American prelate of the Catholic Church (born 1966)

John Eric Stowe, O.F.M. Conv., (born April 15, 1966) is an American prelate of the Roman Catholic Church who has been bishop of the Diocese of Lexington in Kentucky since 2015.

==Biography==

=== Early life ===
John Stowe was born in Amherst, Ohio, on April 15, 1966, to John and Lucy Stowe and grew up in Lorain, Ohio. After graduating from Lorain Catholic High School in 1984, he was admitted as a candidate to the Order of Friars Minor Conventual (Minorites). After Stowe completed his novitiate year, the Minorites sent him to study at Saint Louis University in St. Louis, Missouri; he graduated with a double major in history and philosophy. He professed his solemn vows in the Minorites on August 1, 1992.

Stowe then pursued his seminary studies at the Jesuit School of Theology in Berkeley, California. He received the degrees of Master of Divinity and a Licentiate of Sacred Theology, specializing in church history.

=== Priesthood ===
Stowe was ordained as a priest to the Minorites by Auxiliary Bishop Alexander Quinn on September 16, 1995, at St. Anthony of Padua Church in Lorain, Ohio. After his ordination, the Minorites assigned Stowe to serve in parishes in El Paso, Texas. In 2002, Stowe was invited by Bishop Armando Ochoa, bishop of El Paso to manage the diocesan chancery and to serve as his vicar general. He was later appointed as the chancellor of the diocese. In 2010, Stowe was elected vicar provincial of his Franciscan province. He was then given the additional responsibilities of rector of the Basilica and National Shrine of Our Lady of Consolation in Carey, Ohio.

===Bishop of Lexington===
On March 12, 2015, Pope Francis appointed Stowe as bishop of Lexington. He received his episcopal consecration at the Cathedral of Christ the King in Lexington from Archbishop Joseph Kurtz, with Bishops Armando Ochoa and Gabriel Enrique Montero Umaña serving as co-consecrators on May 5, 2015.

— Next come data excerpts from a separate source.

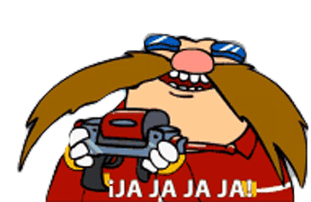 Dr. Eggman from Sonic the Hedgehog laughs heartily, exclaiming '¡JA JA JA JA!' while holding a device, perfect for a villainous chuckle.
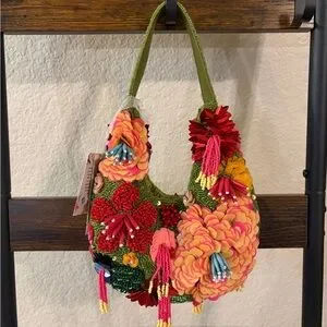 Viral Handmade Floral Beaded Statement Bag Embellished Garden Shoulder Purse NWT
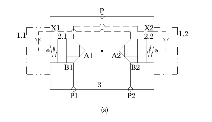 新型液動換向閥是由兩個二通插裝閥組合而成的選擇回路,具備二位三通方向控制閥功能,以實現(xiàn)兩套泵裝置的切換。中信重工 E6118B/E6119B 型液壓站的液壓閥組如圖5 所示。圖5 中,當(dāng) P1 處的泵裝置工作時,插裝組件 2.1 打開,插裝組件 2.2 關(guān)閉,由 P1 處的泵裝置向 P 口供油,P2 處的泵裝置可以維修或停用待命;反之,當(dāng) P2 處的泵裝置工作時,插裝組件 2.2 打開,插裝組件 2.1 關(guān)閉,由 P2 處的泵裝置向 P 口供油,P1 處的泵裝置可以維修或停用待命。
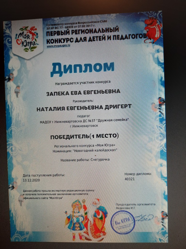 Диплом, 1 место, Региональный конкурс "Моя Югра", Номинация "Новогодний калейдоскоп", 2020г., Запека Е. |
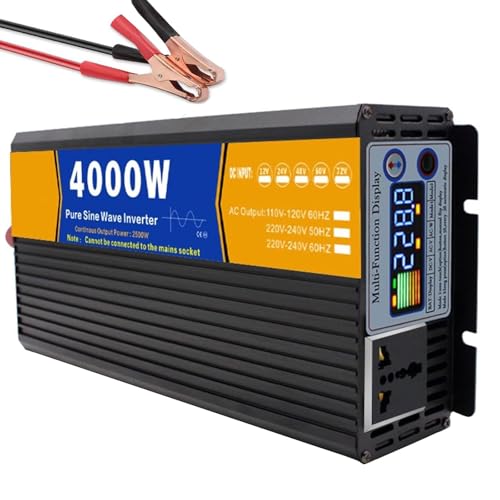 SNBGRYE Pure Sine Wave Inverter 3000w 4000w 5000w 6000w 8000w, DC (12v/24v/48v/60v/72v) To AC (110v/220v) Power Converter, Lcd Display, For Caravan/Camping/Travel,4000W-12Vto110V
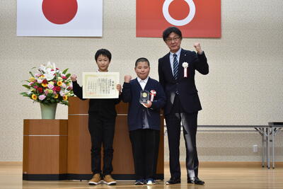 「第18回石川地方交通安全大会」において、本校の特設自転車部が作成した交通安全立看板が小学校の部で最優秀賞になり、表彰式に参加してきました。
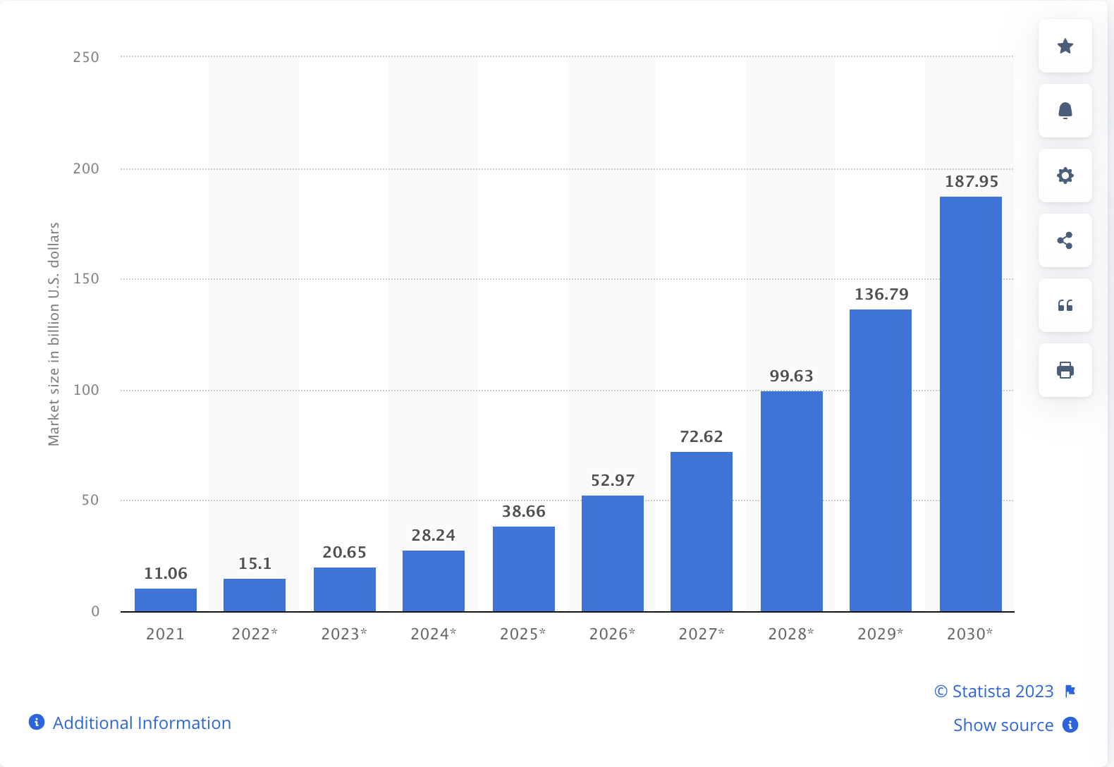 Según Statista, el tamaño del mercado de la IA en la atención sanitaria será de casi 20,65 mil millones de dólares en 2023. Sin embargo, Statista pronostica que el mercado crecerá nueve veces hasta alcanzar los 187,95 mil millones de dólares para 2030.
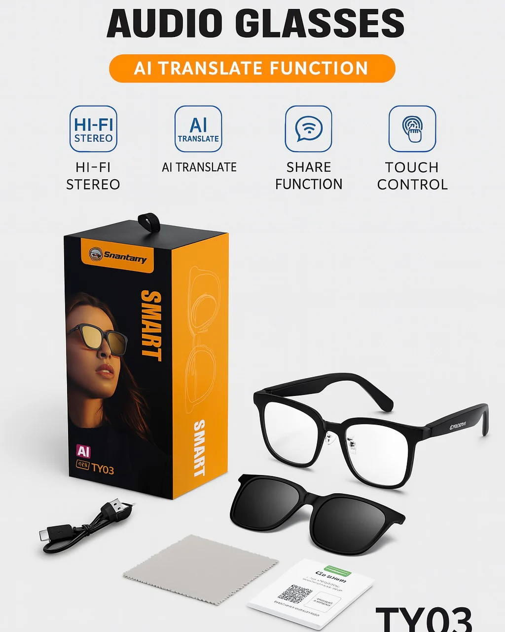 Smartberry TY03 Smart Audio Glasses عینک هوشمند امکان اتصال به گوشی از طریق بلوتوث و اپ اختصاصی، پخش و کنترل موسیقی
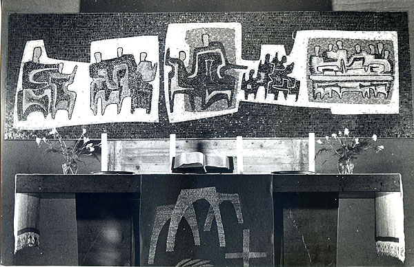 Das Mosaik von 1963 bezieht sich auf den Bibeltext Lukas 14, 16-24:
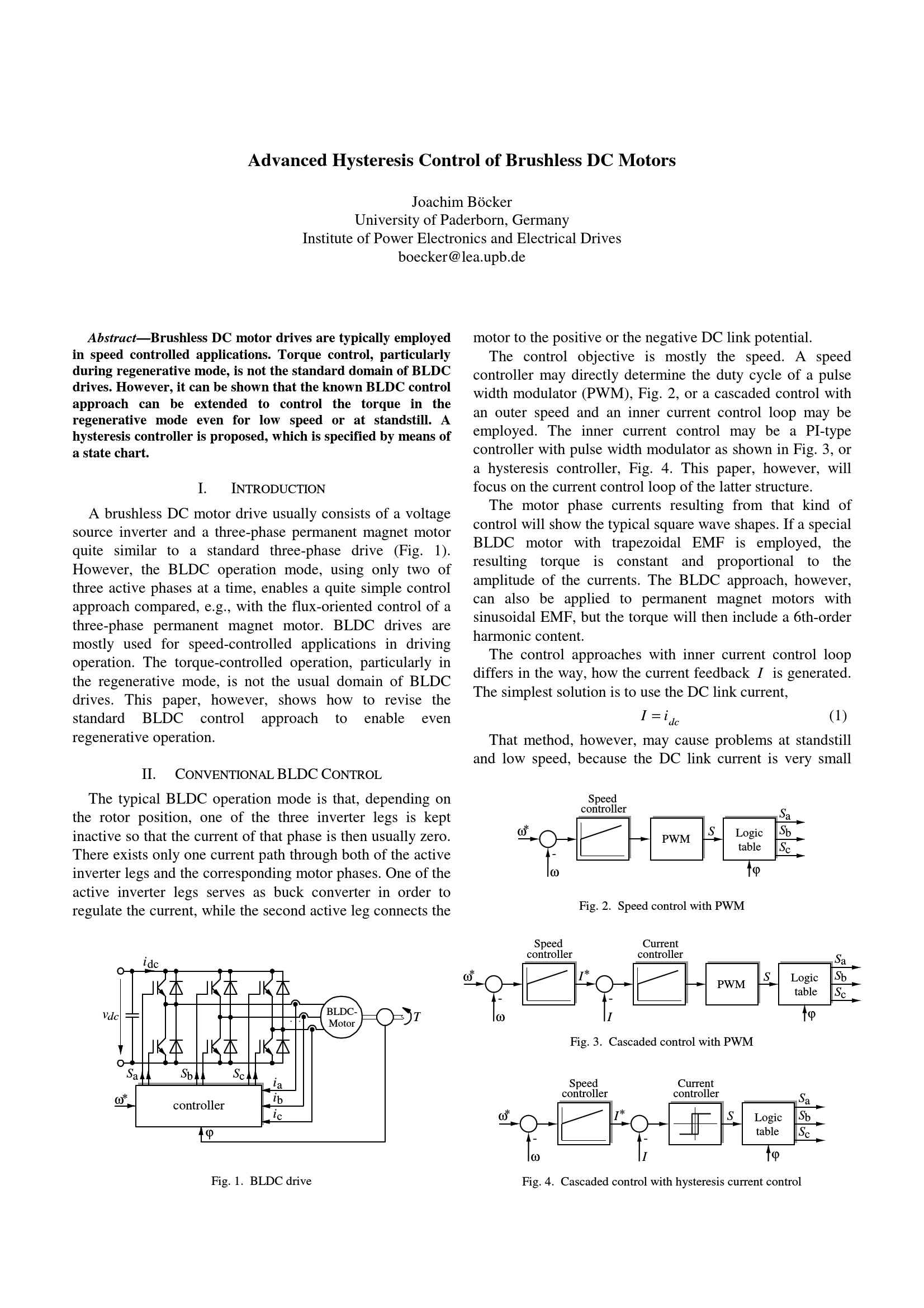 Advanced hysteresis control of brushless DC Motors / Joachim Böcker
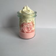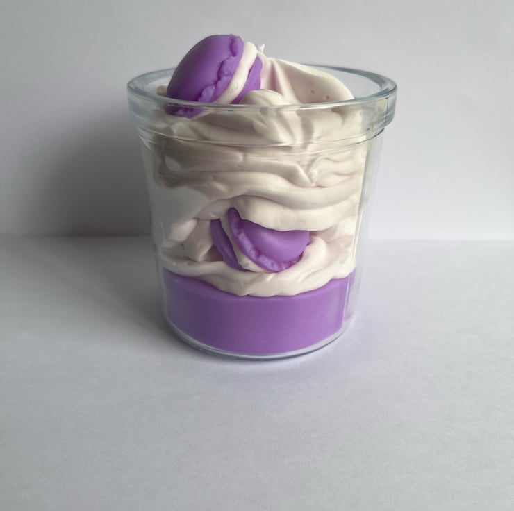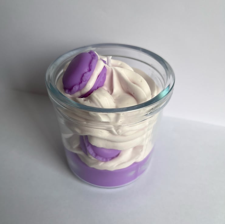 A beautifully handcrafted candle featuring elegant purple and cream tones with macaron-shaped wax details. The candle is finished with a whipped-style wax top and presented in a clear glass jar, creating a soft and decorative look.
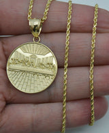 Real 10K Yellow Solid Gold Last Supper Pendant+Chain 16"-24"
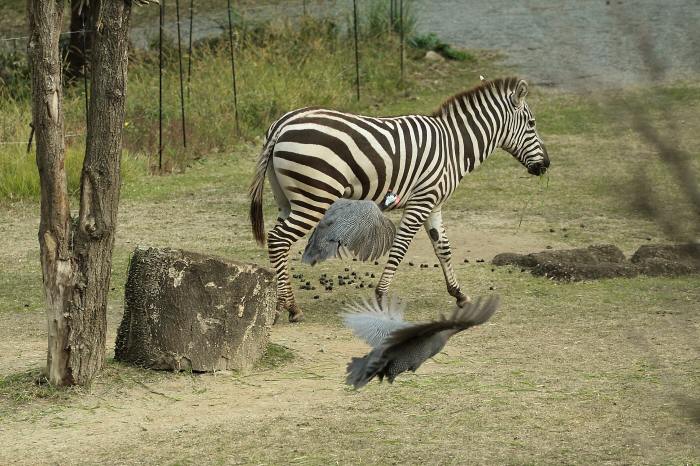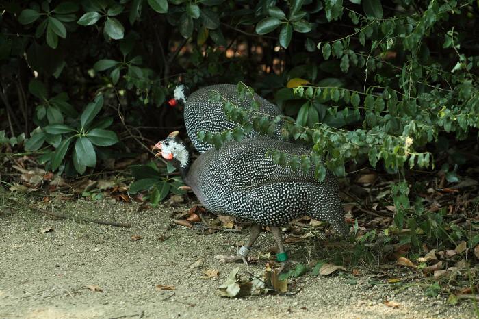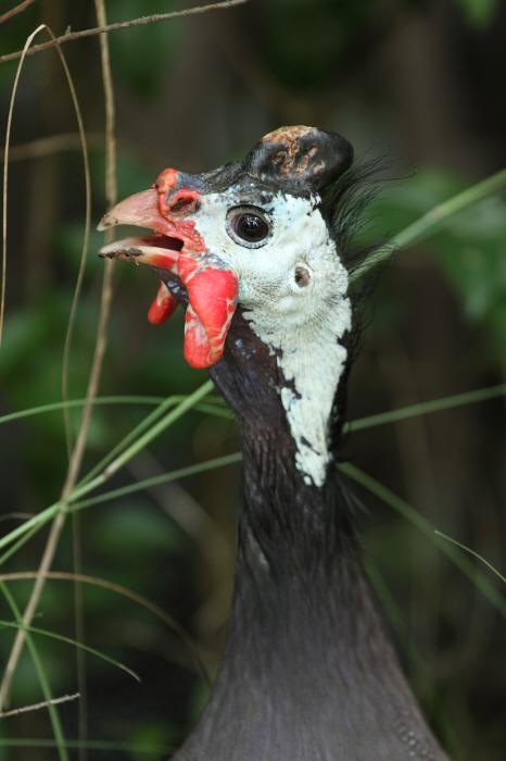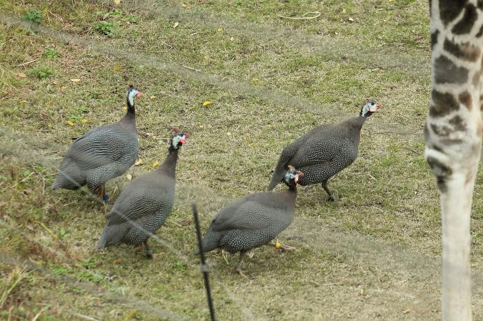キジやニワトリなどと近い関係にあります。同じホロホロチョウの仲間には天王寺動物園にフサホロホロチョウがいます。
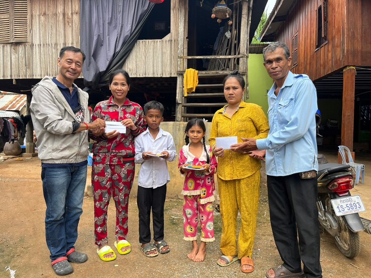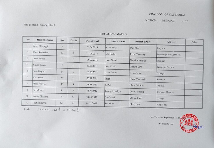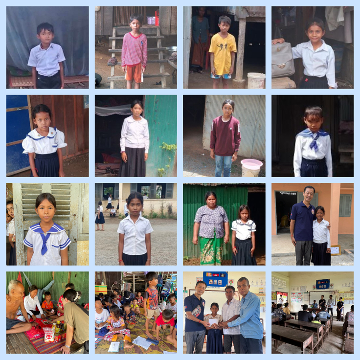 ①コンポンスプー州スタスターチャン小学校の10の貧困世帯への毎月の学費支援 各10$×10=100$
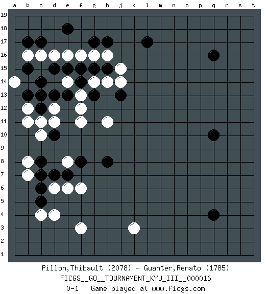 Last move : 0-1 2011 April 29 3:9:1 [Event "FICGS__GO__TOURNAMENT_KYU_III__000016"] [Site "FICGS"] [Date "2011.02.08"] [Round "1"] [Black "Pillon,Thibault"] [White "Guanter,Renato"] [Result "0-1"] [Rating 1 "2078"] [Rating 2 "1785"] 1.q16 d4 2.q4 d16 3.q10 k3 4.c14 f16 5.c6 d6 6.d7 e6 7.c5 c4 8.d10 f3 9.h17 e14 10.l17 d12 11.c12 c11 12.d13 b12 13.c13 d11 14.e13 b8 15.c8 b7 16.c7 c10 17.f8 f11 18.h8 e8 19.e7 f6 20.g13 h11 21.c17 c16 22.b17 b16 23.e18 h16 24.g17 g16 25.j13 f13 26.f14 f12 27.e15 g14 28.f15 e16 29.g15 h14 30.h15 j15 31.d15 j14 32.b13 b11 33.b15 a14 0-1 Here are the names of the openings (joseki) played in the four corners : Corner d16 : d16 c14 Hoshi (Hwajeom, Seongjeom, Xingwei`) 4-4 Point. The star or hoshi (4-4) point, emphasizing influence at the potential expense of territory. Ikken Kakari (Hankan Keolch'im, Yi Gua`jiao~, 1-Space Low Approach). Black 2 is the standard approach move to the 4-4. Corner d4 : d4 c6 Hoshi (Hwajeom, Seongjeom, Xingwei`) 4-4 Point. The star or hoshi (4-4) point, emphasizing influence at the potential expense of territory. Ikken Kakari (Hankan Keolch'im, Yi Gua`jiao~, 1-Space Low Approach). Black 2 is the standard approach move to the 4-4. Player White won this Go (weiqi, baduk) game. Follow this game move after move (download)While the Baroque rules of chess could only have been created by humans, the rules of go are so elegant, organic, and rigorously logical that if intelligent life forms exist elsewhere in the universe, they almost certainly play go. (Edward Lasker, international chess master) Creativity is allowing yourself to make mistakes. Art is knowing which ones to keep. (Scott Adams)
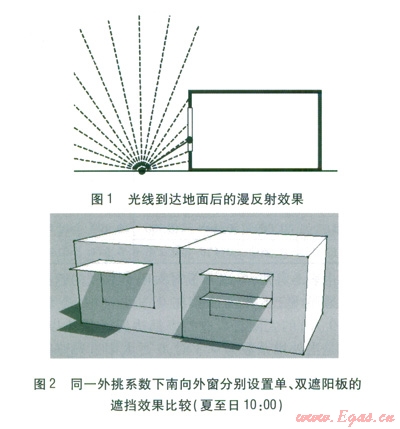 室內(nèi)的采光和視野。同一外挑系數(shù)下南向外窗分別設(shè)置單、雙遮陽板的遮擋效果比較(夏至日10:O0)見圖2。由圖2可知,設(shè)置雙遮陽板也能加強對直射光的遮擋。當(dāng)直射光從非正南入射時,第二遮陽板能夠有效地削弱進入室內(nèi)的太陽直射光,并且能將投射到下遮陽板的直射光以漫反射的形式投射到室內(nèi)深處,加強室內(nèi)深處的采光效果。
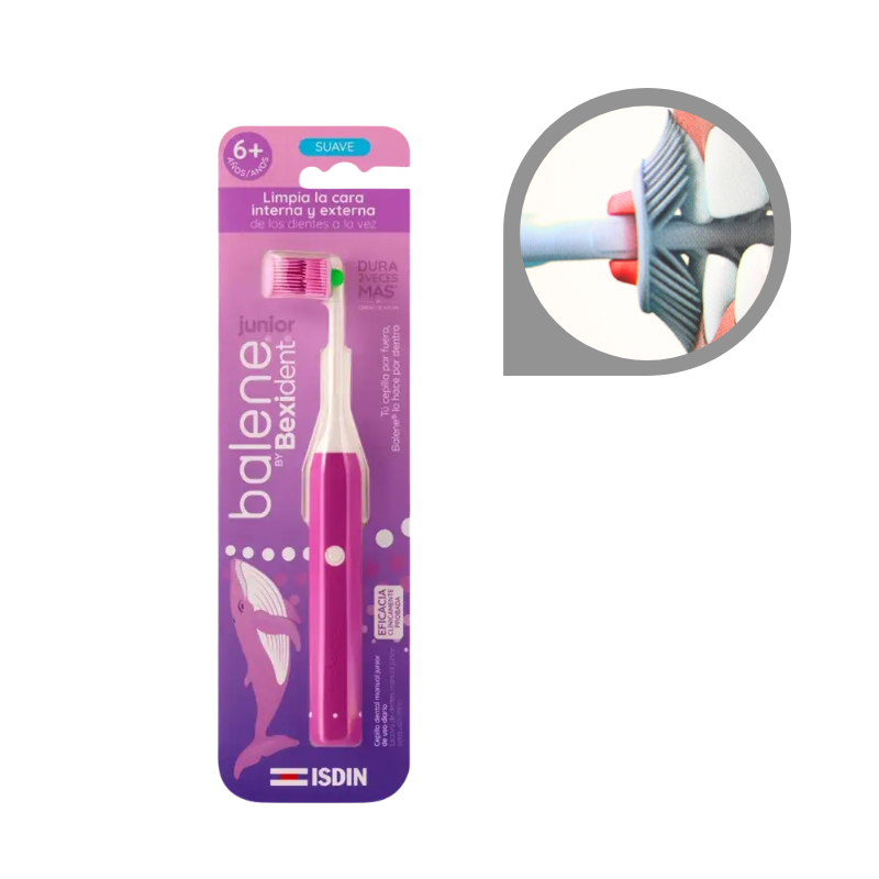 Balene by Bexident Junior Cepillo dental de uso diario que limpia la cara interna y externa de los dientes a la vez, eliminando la placa de forma eficaz y suave. Su innovador diseño incentiva la rutina del cepillado del niño gracias a su ergonomía y facilidad de uso.
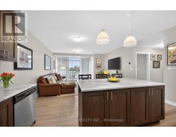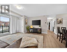 This residence offers an open-concept floorplan, providing a modern and seamless flow throughout the living space. With a total area of 1025 square feet, this space is designed for comfortable living and entertaining. The kitchen is equipped with stainless steel appliances, including a refrigerator, stove, and dishwasher. There is ample cabinetry for storage, while the kitchen island with breakfast bar adds both functionality and style. Under-cabinet lighting further enhances the workspace, making meal preparation convenient and enjoyable. Enjoy abundant natural light thanks to the floor-to-ceiling, wall-to-wall windows. A patio door leads directly to a private balcony, perfect for relaxing outdoors. Upgraded vinyl flooring is installed throughout the home, offering durability and ease of maintenance. There is no carpet, making cleaning straightforward. The primary bedroom includes a walk-in closet and a private ensuite. The ensuite is equipped with an oversized glass shower and a vanity with two sinks, combining luxury with practicality. This property is ideally situated close to shopping, restaurants, and all local amenities. Public transit is also easily accessible, making commuting simple and convenient. Underground parking and a storage locker, providing secure and accessible options for your vehicle and belongings. (id:61594)

In February 2018, Stowe joined the Pax Christi USA Board as their president.

== Viewpoints ==

=== Immigration ===
In January 2019, Stowe wrote an op-ed in the Lexington Herald-Leader that criticized Nick Sandmann and other students from Covington Catholic High School for sporting apparel supporting President Donald Trump during the 2019 March for Life rally in Washington, D.C. Stowe said the slogan "Make America Great Again" on their clothing:

[...] supports a president who denigrates the lives of immigrants, refugees and people from countries that he describes with indecent words and haphazardly endangers with life-threatening policies.

=== LGBTQ rights ===
In March 2021, Stowe expressed support for the federal Equality Act, proposed legislation that was opposed by the U.S. Conference of Catholic Bishops. He wrote that "As a Catholic bishop, I hate to see any form of harmful discrimination protected by law and it is consistent with our teaching to ensure that LGBTQ people have the protection they need."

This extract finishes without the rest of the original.